Earlier today, the Liquefied Natural Gas Income Tax Act (the “Bill”) was introduced into the British Columbia legislature. The Bill reflects the culmination of the Province’s goal to introduce an LNG tax framework, which was initially unveiled in February 2014. The Bill provides for a tier 1 tax rate of 1.5% and a tier 2 rate of 3.5%. The LNG tax applies to the net income from all liquefaction activities in British Columbia.
Effective for the taxation years beginning on or after Jan 1, 2017, the tax rate on net income will be 3.5%. During the period when net operating losses and the capital investment are being deducted, the tier 1 tax rate of 1.5% will apply and is creditable against the 3.5% tier 2 tax. In 2037, the tier 2 rate will increase to 5% of net income. The tier 2 rate set out in the Bill represents a significant reduction from 7% contemplated in the initial framework announced in February.
Since the valuation of revenues, expenses and the cost of capital investment are central to the calculation of the tax, the Bill provides a special set of rules for non-arm’s length transactions applicable to integrated LNG projects and companies, however, there is still significant uncertainty that exists with respect to the application of these rules.
In addition, the Bill establishes a new B.C. Corporate Income Tax Credit which will be available to any LNG Income Taxpayer that has a permanent establishment in British Columbia. The credit will be calculated based on the natural gas acquired for the LNG export facility and will have the effect of reducing the provincial corporate income tax rate from 11% to as low as 8%. The Bill also creates a tax credit in the amount of 5% of eligible expenditures relating to the restoration, reclamation or remediation of the LNG facility site.
In conjunction with the release of the Bill, on October 20, 2014, the British Columbia government tabled the Greenhouse Gas Industrial Reporting and Control Act, which sets a greenhouse gas intensity benchmark for LNG facilities of 0.16 tonnes of carbon dioxide (CO2e) for each tonne of LNG produced. LNG export facilities will have the flexibility to meet the benchmark either through improving energy efficiency, purchasing carbon offsets or by investing in a technology fund at a rate of $25 per tonne of CO2e. An LNG Environmental Incentive Program will also be introduced that will provide escalating incentives to help mitigate compliance costs for facilities emitting anywhere between 0.16 and 0.23 CO2e.
Each of these measures is designed to provide a reasonable basis to allow discussion and analysis of the various LNG projects to proceed, at least to the next phase.
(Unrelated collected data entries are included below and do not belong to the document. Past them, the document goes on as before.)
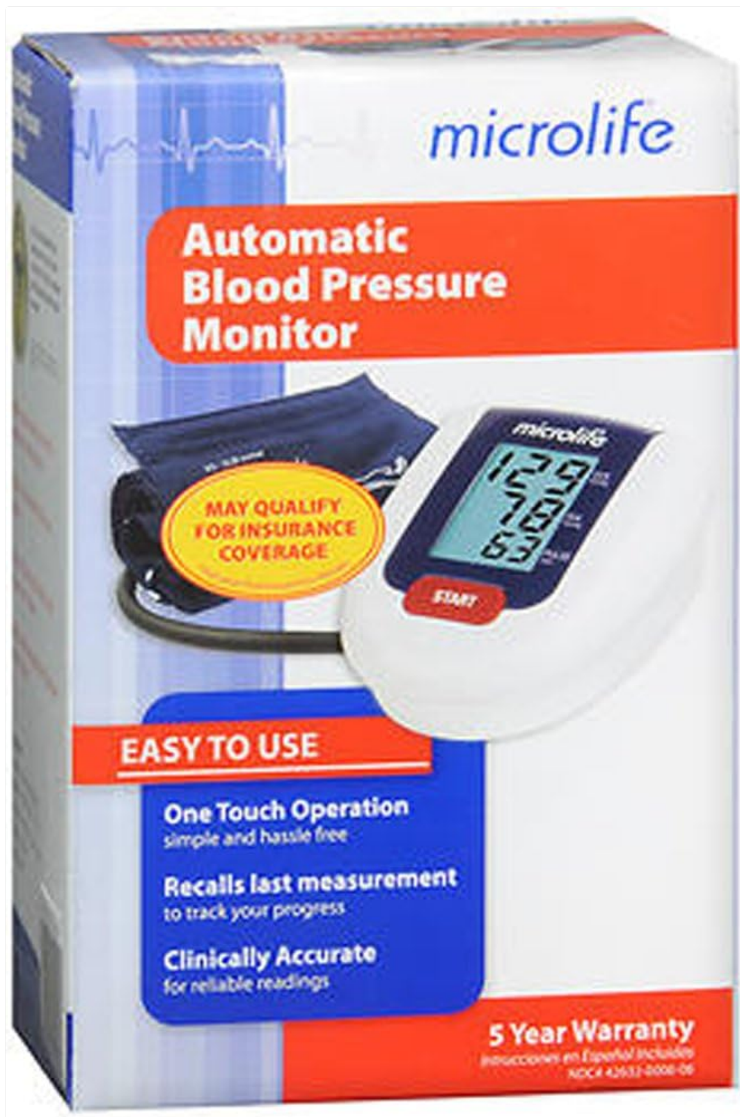
Image: The product packaging for the Microlife Automatic Blood Pressure Monitor, showing the device and cuff, highlighting features like "One Touch Operation" and "Clinically Accurate."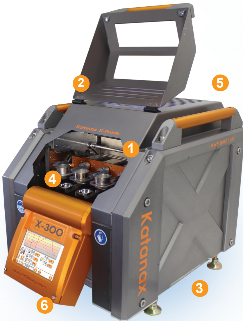
Triple Position (X-300T)

This multi-position fluxer is available as a 1, 2 or 3 position unit, it's versatile and easily adapts to the needs of today's modern laboratories.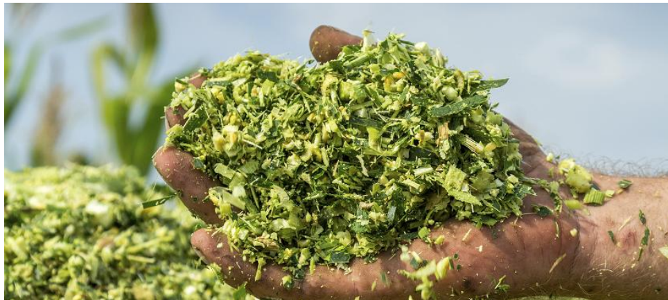
READY SILAGE 50-55 KG EACH BAGS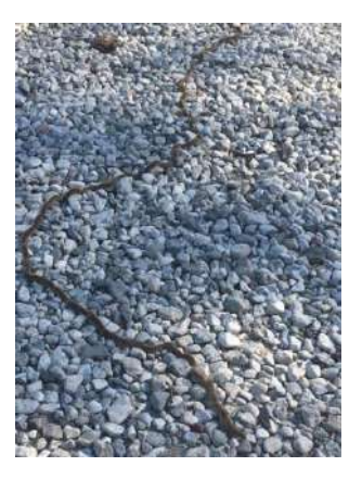
A caterpillar procession in the shelter

April was a very dry month and the spectre of life-threatening forest fires is once again with us. We have to be prepared for the worst-case scenario and be exceedingly vigilant. Naturally, our fire extinguishers require regular maintenance.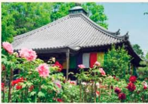
Otokuni dera Temple map7D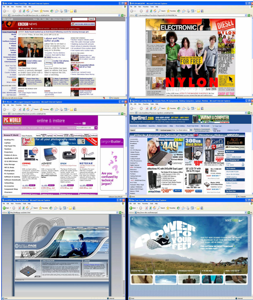
Fig. 1. BBCNews (upper left), Nylon (upper right), PCWorld (middle left), TigerDirect (middle right), IntelliPage (lower left) and Nike (lower right)

The hypotheses were posed to explore associations between users' attention, their perception of interesting design features and content, memory for features and content, and their overall rating for the site. The following sites were selected: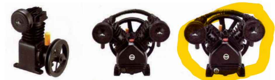
H1051 H1065 H2051 H2051A H2065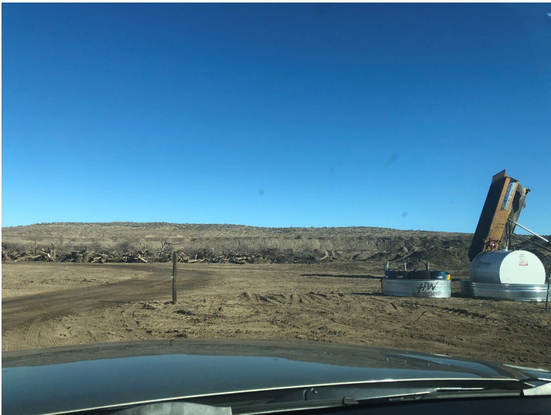
Photo 2: Large woody debris and soil being stockpiled at the site, central portion of the site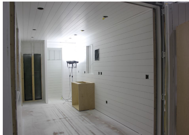
Build For Hope Tiny Home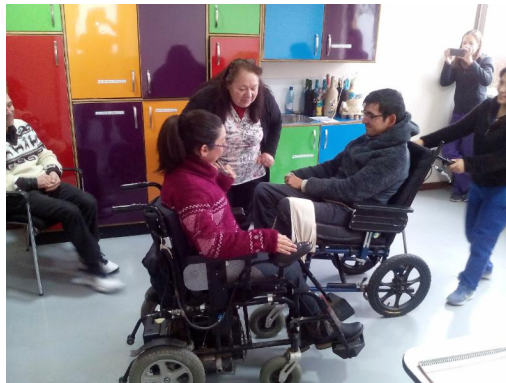
Casa Betesda patients learn to dance cueca !

"Casa Betesda" rehabilitation center continues to make a difference in many peoples lives. Thanks to a grant given by brothers and sisters in Cabot, Pennsylvania, we are able to employ the director of special education, an assistant, and 2 therapists. Several of us volunteer our time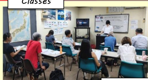
Break time between classes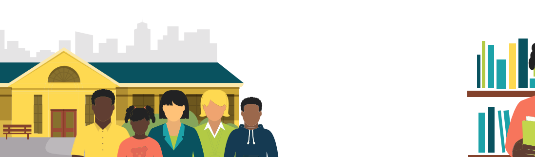
MPL is an anchor institution that helps build healthy families and vibrant neighborhoods—the foundation of a strong Milwaukee.

LED BY OUR VISION AND MISSION, MPL will reach our goals outlined in the 2020 strategic plan.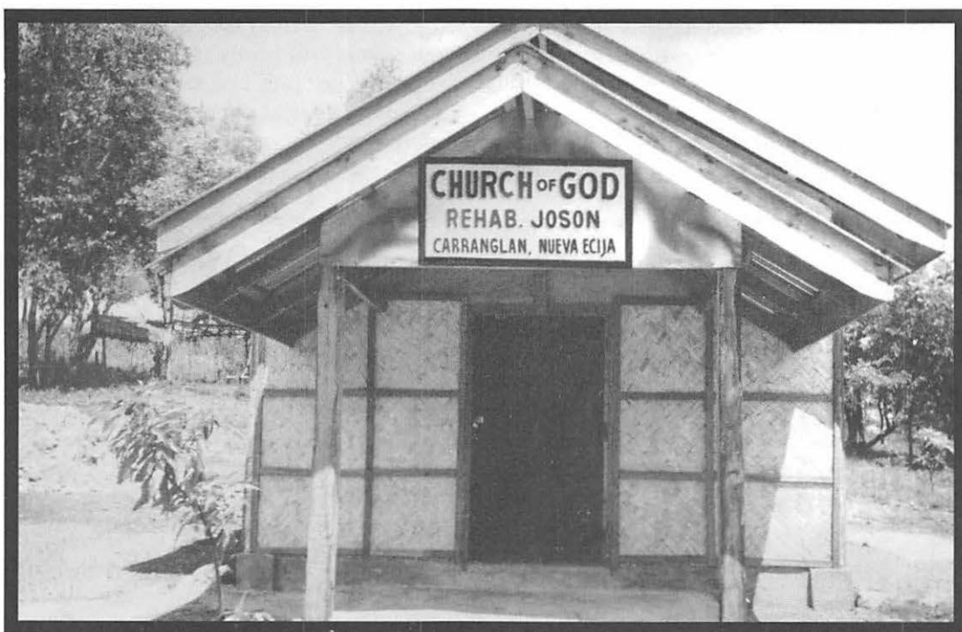
NEW CHAPEL BUILDING AT REHAB. JOSON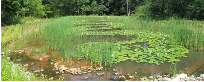
The Stormwater Management Program recognized Armentrout, Matheny, Thurmond P.C. and McLane Company in 2020 for their engineered pocket wetland, pictured above.

Applications are due on Monday, March 1, and winners will be honored at the annual Green Life Awards in April.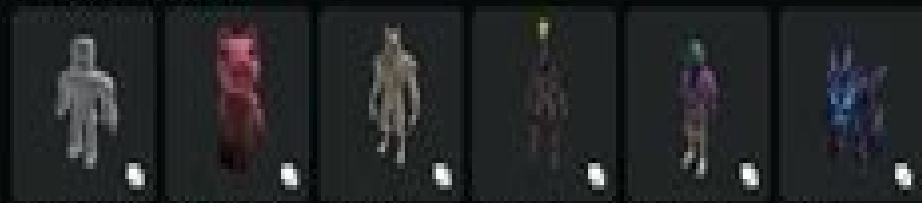
Robloxian 2.0 Schweinchen Tribal Wolf Eisenkette Nick Barock U'ral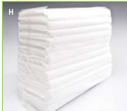
H. POLY-COATED KAYCEL® SHEETS 44" x 90". Spun white paper material with poly-coating on one side to provide moisture resistance; non-hemmed. 12/pk. 38334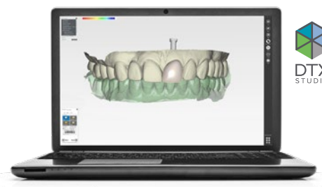
DTX Studio™ Lab software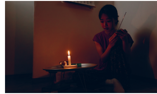
In photo: North Korean teen listening to Christian radio

Christians to show them God's love for them.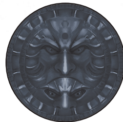
THE BLACK PENNY TOKEN

PERMISSION TO PHOTOCOPY FOR PERSONAL USE ONLY.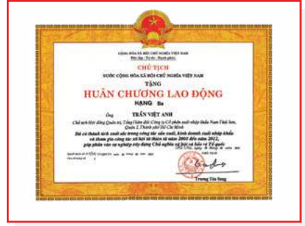
THIRD CLASS LABOR MEDAL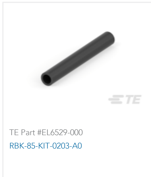
TE Part #EL6529-000 RBK-85-KIT-0203-A0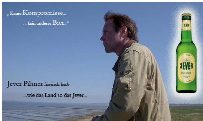
Figure 2 – Kein anderes Bier

In the Slogan.de database we also retrieved another popular headline used both for print advertising campaign (Fig. No. 2) and for a TV commercial of the Jever beer: Keine Staus. Keine Hektik. Keine cocktail parties. Keine Handies. Keine meetings. Keine Kompromisse. Kein anderes Bier. (English translation: No tail. No hustle. No cocktail party. No cell phones. No meetings. No compromises. No other beer).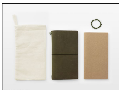
TRAVELER'S notebook OLIVE EDITION

Painted in an olive color, “BRASS BALLPOINT PEN” features a cord and clip. With the adjustable cord length, the pen can be worn around the neck or attached to a bag. This makes it easy to carry around when outdoors or on a trip. The clip can also be removed from the pen.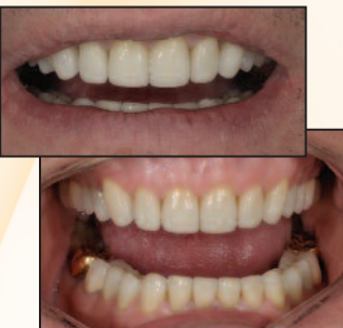
Fig. 9 Patient Three following comprehensive treatment that BiteFX helped the patient to understand his occlusal disease.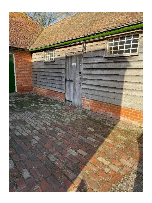
Accessible WC entrance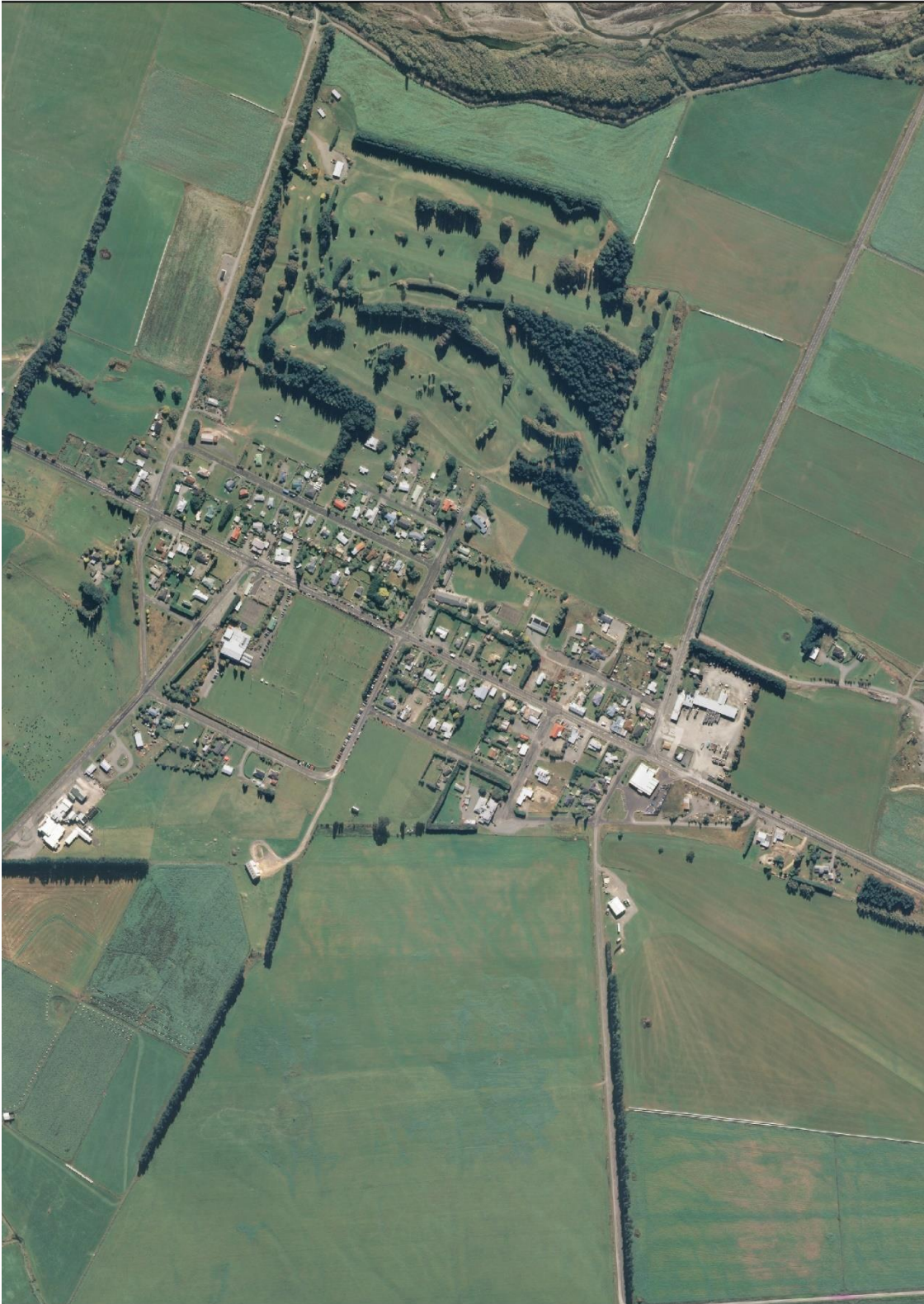
Figure 3: Mossburn Arial Map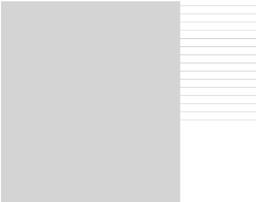
FIG.7: Relative variations of gate trigger current, holding current and latching current versus junction temperature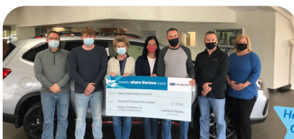
Lawrence Subaru-Hanover, PA

In addition to the Share the Love campaign, all four local dealerships also chose Make-A-Wish® Greater Pennsylvania and West Virginia as their Hometown Charity, raising additional funds on top of all their contributions from the campaign.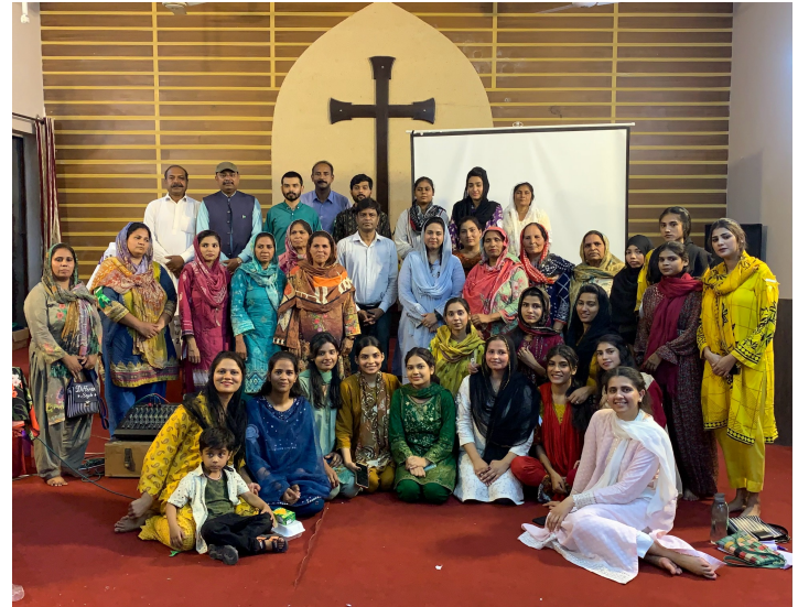
Fellows in a community outreach programme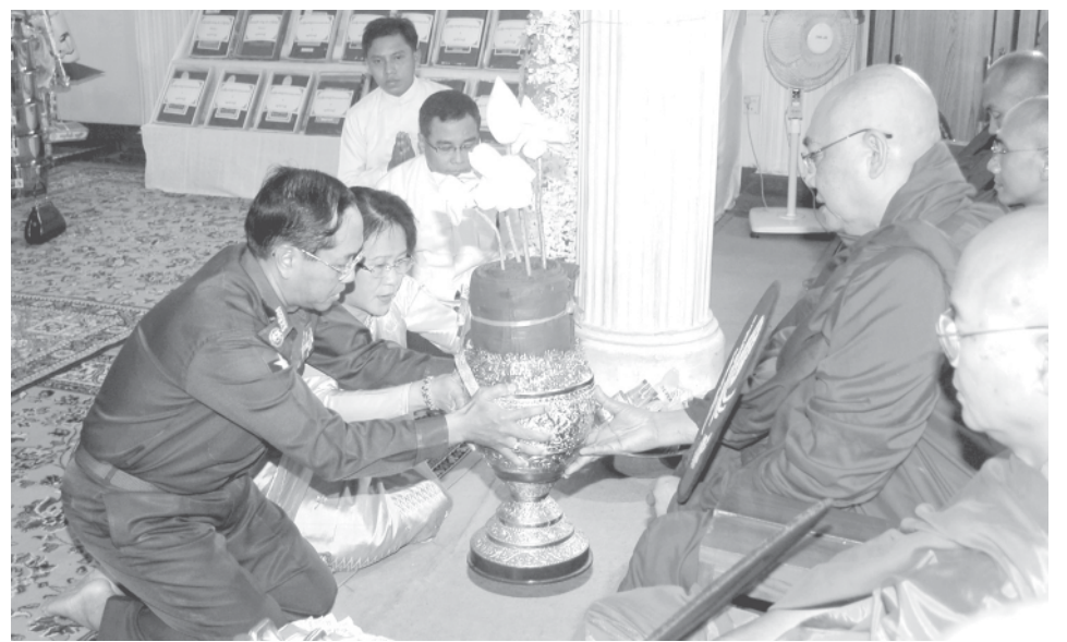
Lt-Gen Myint Swe and wife offer Kathina robes and provisions to a Sayadaw.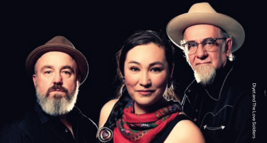
Diyet and The Love Soldiers

Bringing theatre, dance and music to a village near you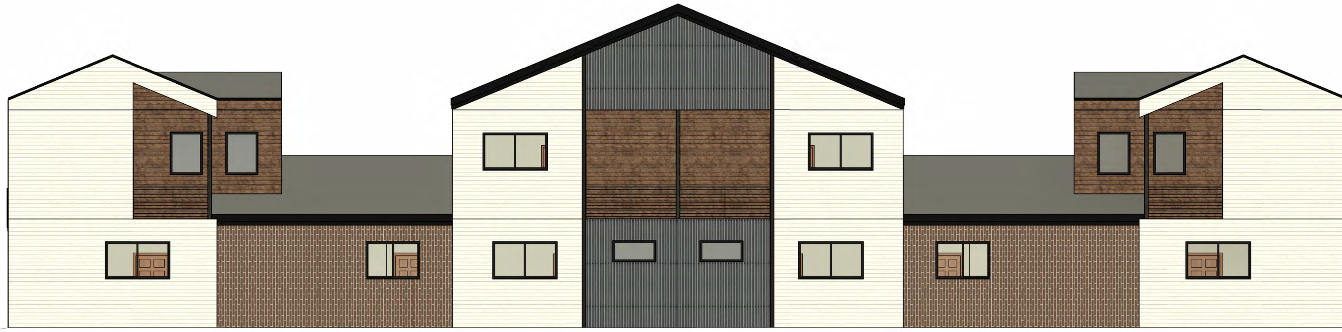
1 NORTH ELEVATION A4.1 3/16" = 1'-0" (RE: 17.A0.1)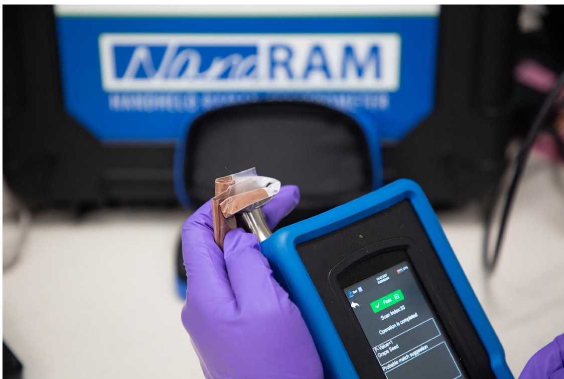
Figure 2. Analyzing grape seed extract with 1064 nm laser with point and shoot adapter.

darker colored samples. For this case study the NanoRam-1064 Identification mode was utilized because it provides a robust algorithm based on a multivariate method. For each botanical sample an individual method was created. To create a method each sample was scanned five different times in alternate spots. All samples were tested against each method to prove validity.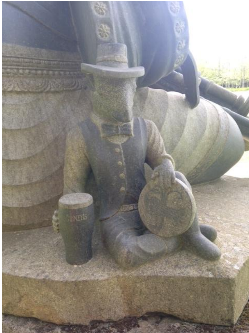
Figure 3: The mouse accompanying “Paddy Ganesh”.

One sculpture has been given an Irish identity. It is called “Paddy Ganesh” and features Ganesh playing the uilleann pipes with a shamrock on his hat. The sash going across Ganesh’s back shows celtic knotwork whilst the mouse accompanying him is carrying a bodhrán and has a pint of “genius” in his hand (see Figure 3).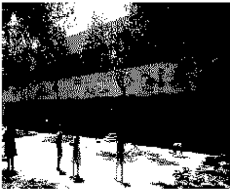
Poling Station Building Front View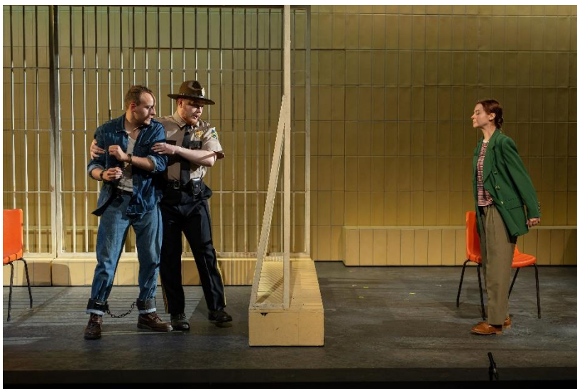
Dead Man Walking, spring 2023

A grant from the Dow Clewer Foundation supported scholarships for postgraduate opera singers.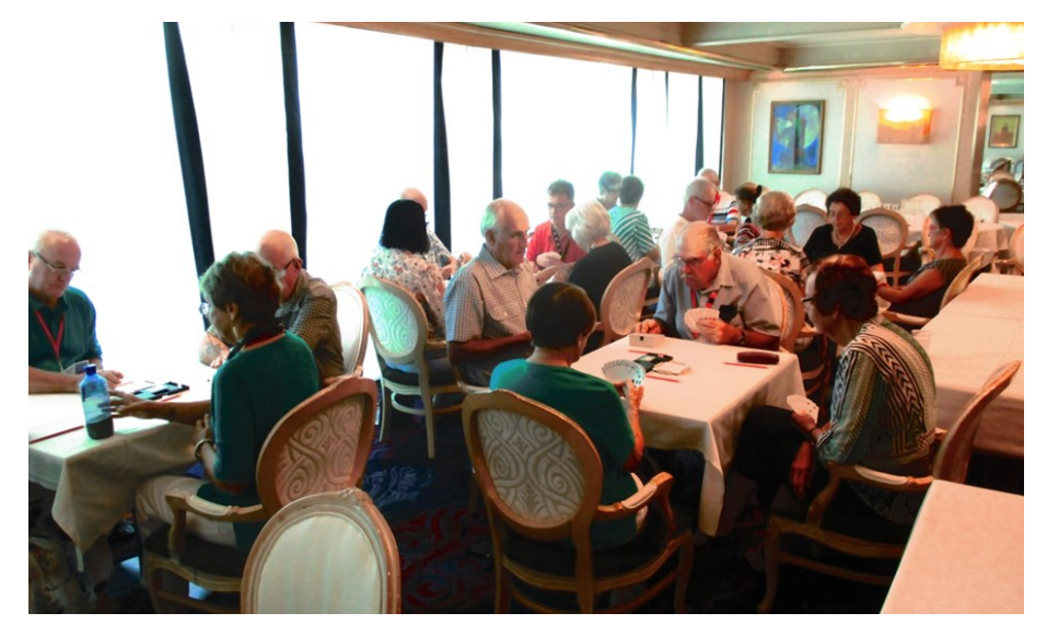
On occasion, passengers on the Voyager of the Seas joined members of the Ballina Bridge Club seen here enjoying their bridge.

small New Caledonian island, Maré Island. Missing out on Fiji was unfortunate as a lovo (food cooked under ground in baskets on heated stones, the same as the NZ Hāngi ) was

However neither solves or deals with other significant issues confronting the LNG industry in BC – including the pricing and availability of off-take arrangements, the paucity of skilled labor and the resulting potential for escalating capital costs, the timing and costs of obtaining all required regulatory approvals and negotiating final deals with First Nations, as well as vigorous competition from potential US Gulf Coast suppliers, not to mention ongoing lobbying efforts by industry of the Federal government to enhance current capital cost allowance deductions. We believe it is these issues, and not just the terms of the LNG Tax, that will ultimately determine the size, scale and timing of the BC LNG industry.